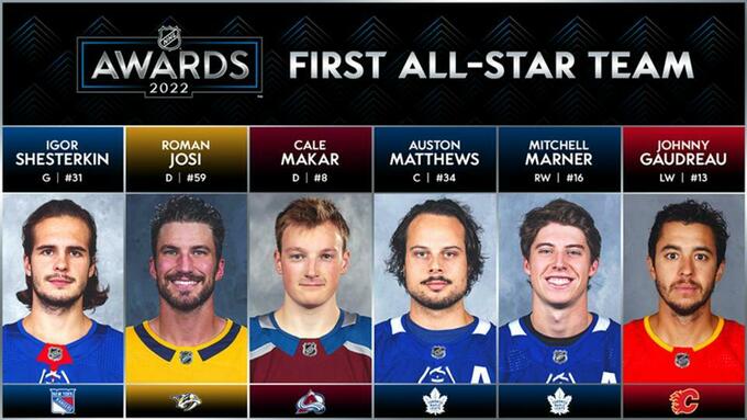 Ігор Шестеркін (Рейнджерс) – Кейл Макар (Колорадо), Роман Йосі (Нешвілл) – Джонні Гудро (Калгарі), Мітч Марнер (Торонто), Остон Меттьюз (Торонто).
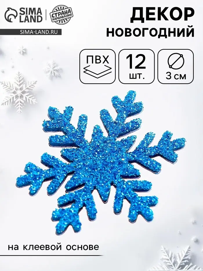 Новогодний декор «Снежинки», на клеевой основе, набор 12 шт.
------------------------------------------------
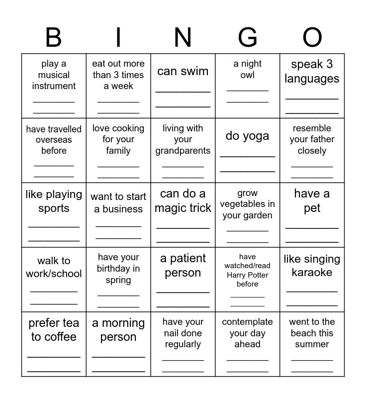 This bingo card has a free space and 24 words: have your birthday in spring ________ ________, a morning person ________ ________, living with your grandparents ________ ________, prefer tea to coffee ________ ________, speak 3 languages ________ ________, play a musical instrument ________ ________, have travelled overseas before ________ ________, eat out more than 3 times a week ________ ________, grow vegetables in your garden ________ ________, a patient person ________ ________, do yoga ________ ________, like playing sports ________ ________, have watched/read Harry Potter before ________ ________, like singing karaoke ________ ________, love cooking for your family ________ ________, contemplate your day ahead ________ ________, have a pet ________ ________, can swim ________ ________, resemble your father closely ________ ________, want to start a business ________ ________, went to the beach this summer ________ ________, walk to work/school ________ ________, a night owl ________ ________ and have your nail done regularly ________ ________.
------------------------------------------------
— EXERCISE DESCRIPTION —
Copy nothing but the lines above from the one with "Ігор Шестеркін (Рейнджерс)" to the one with "набор 12 шт.", inclusive, word for word. Leave every picture out.

— SOLUTION BELOW —
 Ігор Шестеркін (Рейнджерс) – Кейл Макар (Колорадо), Роман Йосі (Нешвілл) – Джонні Гудро (Калгарі), Мітч Марнер (Торонто), Остон Меттьюз (Торонто).
 Новогодний декор «Снежинки», на клеевой основе, набор 12 шт.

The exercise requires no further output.